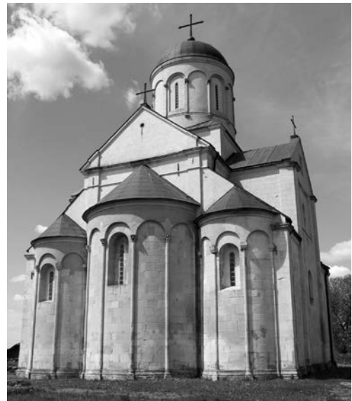
Рис. 10. Церква Святого Пантелеймона у с. Шевченкове Галицького району Івано-Франківської області. Ілюстрація до енциклопедичної статті «Апсида».
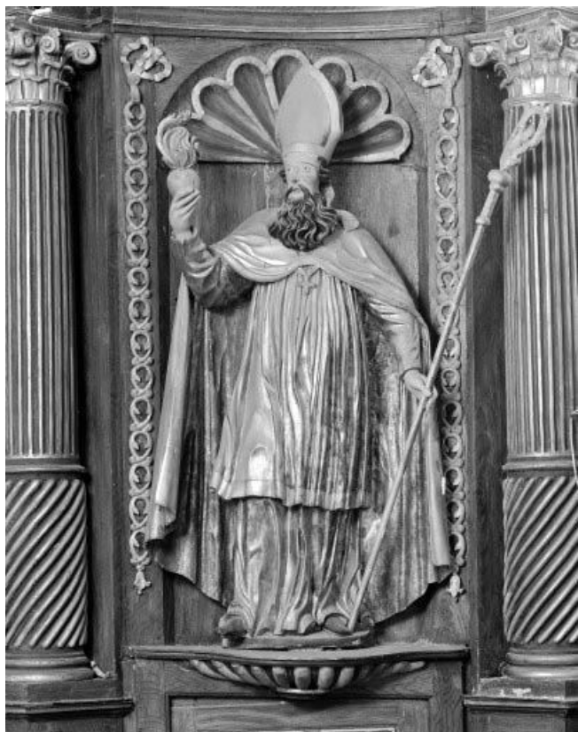
Saint Augustin 25, Malpas
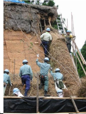
森林組合による 葺替え技術の伝承
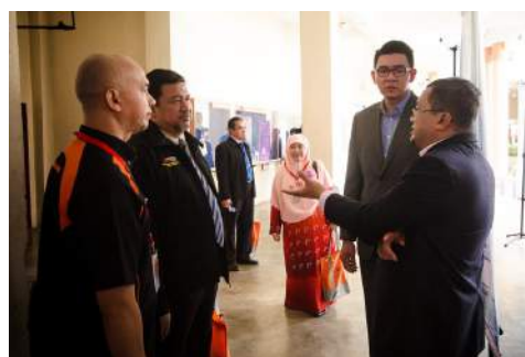
Dato' Rektor KUIS sedang menerangkan fungsi RMC kepada KUIS dan masyarakat.

Hari Terbuka RMC 2015 disudahi dengan Majlis Penyampaian Anugerah Penulisan Dalam Jurnal dan Penyelidikan Terbaik 2013 dan 2014. Majlis ini melihatkan beberapa ahli akademik KUIS menerima hadiah berupa sijil dan wang tunai atas hasil penulisan dan penyelidikan mereka. Semoga dengan pemberian anugerah ini, ia akan menjadi batu loncatan bagi ahli akademik KUIS untuk lebih berusaha untuk menjadi yang terbaik dalam penyelidikan dan penulisan akademik.
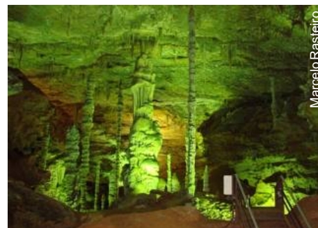
A gruta é turística com passarelas e iluminação

O Governo de Minas Gerais, publicou dia 26 de agosto uma lei instituindo a área da Gruta Rei do Mato, em Sete Lagoas, como Monumento Natural Estadual.
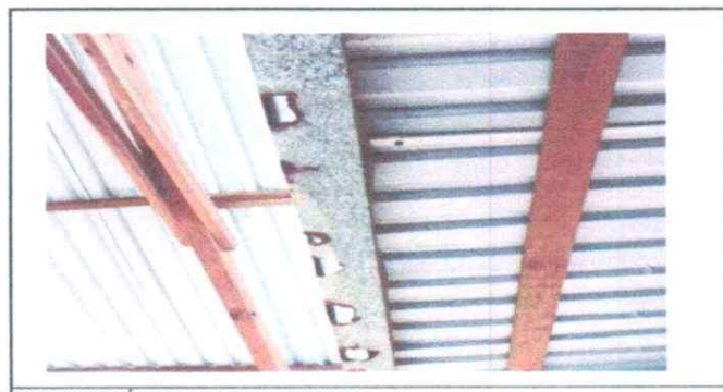
SUSTITUCIÓN DE CANAL DE METAL

Observación: Si es necesario se pueden agregar hojas adicionales y actualizar el número de hojas.
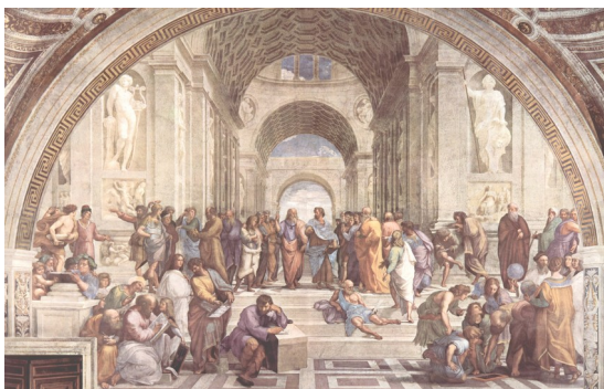
L'école d'Athènes en Grèce
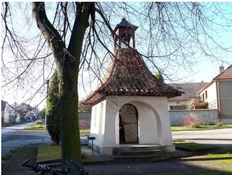
Obrázek 2: Kaplička v horní části obce
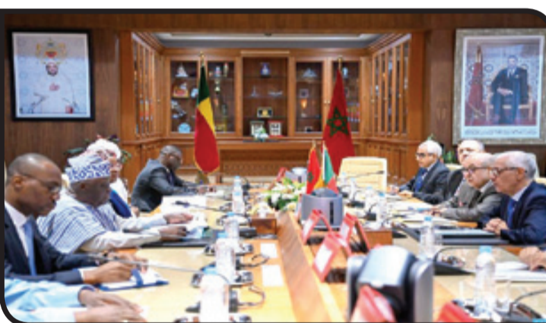
في الدفع بالتشاور والتنسيق بين المؤسستين التشريعتين على الصعيدين الثنائي والمتعدد الأطراف.

وشكل هذا اللقاء فرصة، كذلك، أطلع خلالها رئيس مجلس النواب نظيره البيني على المبادرة الأطلسية التي أطلقها جلالة الملك محمد السادس لتعزيز ولوج دول الساحل للمحيط الأطلسي، وكذا على التقدم الذي حققه المغرب في عدد من المجالات كالتطورات المتجددة وتحلية مياه البحر واستقطاب الاستثمارات الأجنبية.
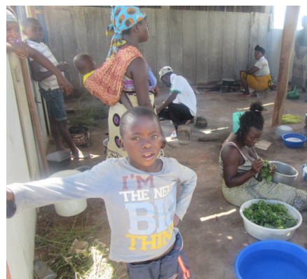
Centro de acomodação do 10º Congresso

quanto avaliavam colectivamente os danos causados pelas intempéries e formas de superação.
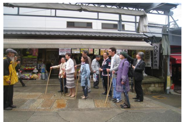
観劇同好会 金毘羅歌舞伎鑑賞

==================================================

What the exercise asks
Copy all lines of the material above where the string "KUIS" occurs.

Written solution
Dato' Rektor KUIS sedang menerangkan fungsi RMC kepada KUIS dan masyarakat.
Hari Terbuka RMC 2015 disudahi dengan Majlis Penyampaian Anugerah Penulisan Dalam Jurnal dan Penyelidikan Terbaik 2013 dan 2014. Majlis ini melihatkan beberapa ahli akademik KUIS menerima hadiah berupa sijil dan wang tunai atas hasil penulisan dan penyelidikan mereka. Semoga dengan pemberian anugerah ini, ia akan menjadi batu loncatan bagi ahli akademik KUIS untuk lebih berusaha untuk menjadi yang terbaik dalam penyelidikan dan penulisan akademik.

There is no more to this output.